- Native name: 増田康宏
- Born: November 4, 1997 (age 28)
- Hometown: Akishima, Tokyo

Career
- Achieved professional status: October 1, 2014 (aged 16)
- Badge number: 297
- Rank: 8-dan
- Teacher: Taku Morishita (9-dan)
- Tournaments won: 2
- Meijin class: A
- Ryūō class: 3

Websites
- JSA profile page

= Yasuhiro Masuda =

Japanese shogi player (born 1997)

Yasuhiro Masuda (増田 康宏, Masuda Yasuhiro) is a Japanese professional shogi player ranked 8-dan.

==Early life, amateur shogi and apprenticeship==
Yasuhiro Masuda was born on November 4, 1997, in Akishima, Tokyo. (Note: Masuda is the first person born after Yoshiharu Habu became a 7-crown (hold seven major titles simultaneously) in 1996 to become a shogi professional.) He learned shogi when he was about five years old after his mother brought home a board game box which included a shogi set. Masuda won the upper-grade section of the Elementary School Student Kurashiki Ōshō Tournament as an elementary school fourth-grade student in 2007, and the following year finished tied for third place in the Elementary School Student Meijin Tournament.

In September 2008, Masuda entered the Japan Shogi Association's apprentice school at the rank of 6-kyū under the guidance of shogi professional Taku Morishita. He was promoted to the rank of 3-dan in April 2012, and obtained full professional status and the rank of 4-dan in October 2014 while a second-year high school student after finishing tied for first in the 55th 3-dan League with a record of 13 wins and 5 losses.

==Shogi professional==
In October 2016, Masuda won his first professional shogi tournament when he defeated Naohiro Ishida 2 games to none to win the 47th Shinjin-Ō title. He repeated the feat the following year when he defeated Daichi Sasaki 2 games to none to win the 48th Shinjin-Ō, thus becoming the first repeat winner since Takeshi Fujii in 1997. Masuda also advanced to the championship match of the 50th Shinjin-Ō tournament in October 2019 against Satoshi Takano and his attempt to become just the second three-time winner of the tournament started promising by winning Game 1; Takano, however, came back to win the next two games and the match.

On June 26, 2017, Masuda lost to Sōta Fujii in Ryūō ranking class game which was streamed live online and had received much pre-game press coverage both within Japan and internationally because a Fujii victory would allow him to set a new professional shogi record of 29 consecutive wins.

In December 2024, Masuda defeated Asuto Saitō in the best-of-two finals of the 50th Kiō challenger determination tournament to qualify for a major title match for the first time. In the 50th Kiō title match (February–March 2025) against defending Kiō title holder , Masuda lost the match 3 games to none.
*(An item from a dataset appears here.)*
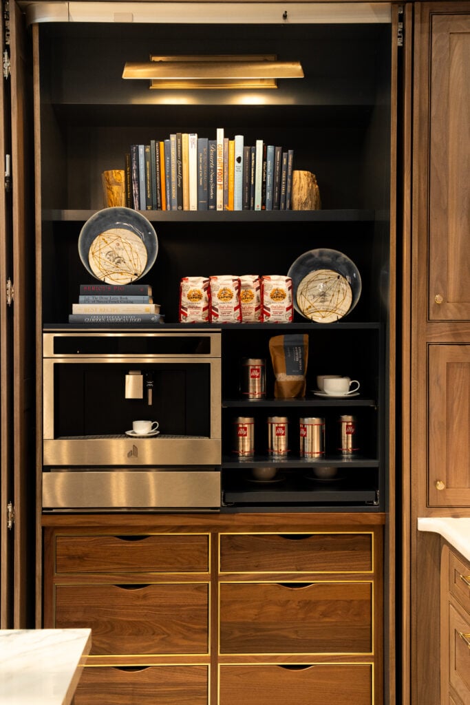 Plain & Fancy also offers accessories for cabinets such as cutlery dividers, pantry or spice rack pullouts, wire bins baskets, double waste baskets, and laundry hampers. Drawers can be crafted with a built-in docking station, to store technology such as phones, tablets or laptops; there’s also a version designed for small kitchen appliances or to store items such as hair dryers and curling irons in the bathroom.

Reflecting on his first title match appearance in the post-match press conference held after Game 3, Masuda stated that he thought he played well during the opening phases of each game and was able to keep the games close, but had trouble in the middle game, even when he had an advantageous position, and felt that was where he was unable to match Fujii.

Masuda challenged Fujji for the Kiō title for the second year in row and was leading the 51st Kiō Title Match (February–March 2026) two games to one after winning Game 3 to move within one win of his first major title; however, he was unable to close out the match and Fujii won the next two games to defend his title.

===Promotion history===
The promotion history for Masuda is as follows:
- 6-kyū: September 2008
- 3-dan: April 2012
- 4-dan: October 1, 2014
- 5-dan: January 12, 2018
- 6-dan: May 22, 2018
- 7-dan: February 8, 2023
- 8-dan: March 7, 2024

===Titles and other championships===
Masuda has appeared in two major title matches, but has yet to win a major title; he is, however, a two-time winner of the Shinjin-Ō tournament.

===Year-end prize money and game fee ranking===
Masuda has finished in the "Top 10" of the JSA's year-end prize money and game fee rankings once: seventh with JPY 17,190,000 in earnings in 2025.